Given information:
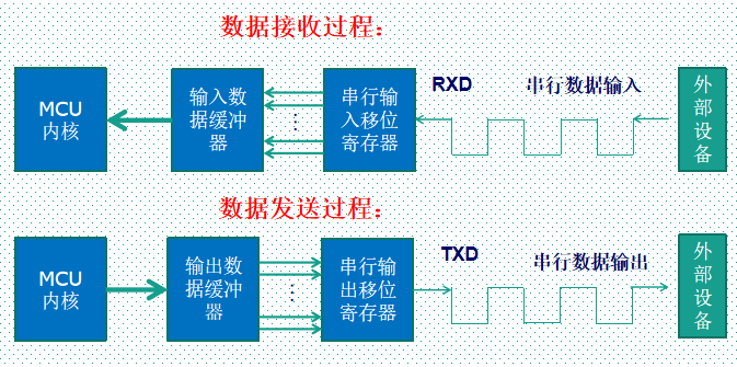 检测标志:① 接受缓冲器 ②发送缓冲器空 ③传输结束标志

...

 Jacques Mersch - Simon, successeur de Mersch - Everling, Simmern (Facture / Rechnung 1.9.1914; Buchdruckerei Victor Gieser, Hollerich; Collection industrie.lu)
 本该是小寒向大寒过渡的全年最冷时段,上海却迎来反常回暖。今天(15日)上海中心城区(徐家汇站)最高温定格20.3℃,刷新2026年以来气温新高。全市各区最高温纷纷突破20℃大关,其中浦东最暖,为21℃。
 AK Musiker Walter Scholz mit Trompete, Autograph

Problem to solve: Repeat exactly the lines of the listing above, from the one with "本该是小寒向大寒过渡的全年最" down to the one with "AK Musiker Walter"; both of those lines belong in the range.

Solution to the problem:
 本该是小寒向大寒过渡的全年最冷时段,上海却迎来反常回暖。今天(15日)上海中心城区(徐家汇站)最高温定格20.3℃,刷新2026年以来气温新高。全市各区最高温纷纷突破20℃大关,其中浦东最暖,为21℃。
 AK Musiker Walter Scholz mit Trompete, Autograph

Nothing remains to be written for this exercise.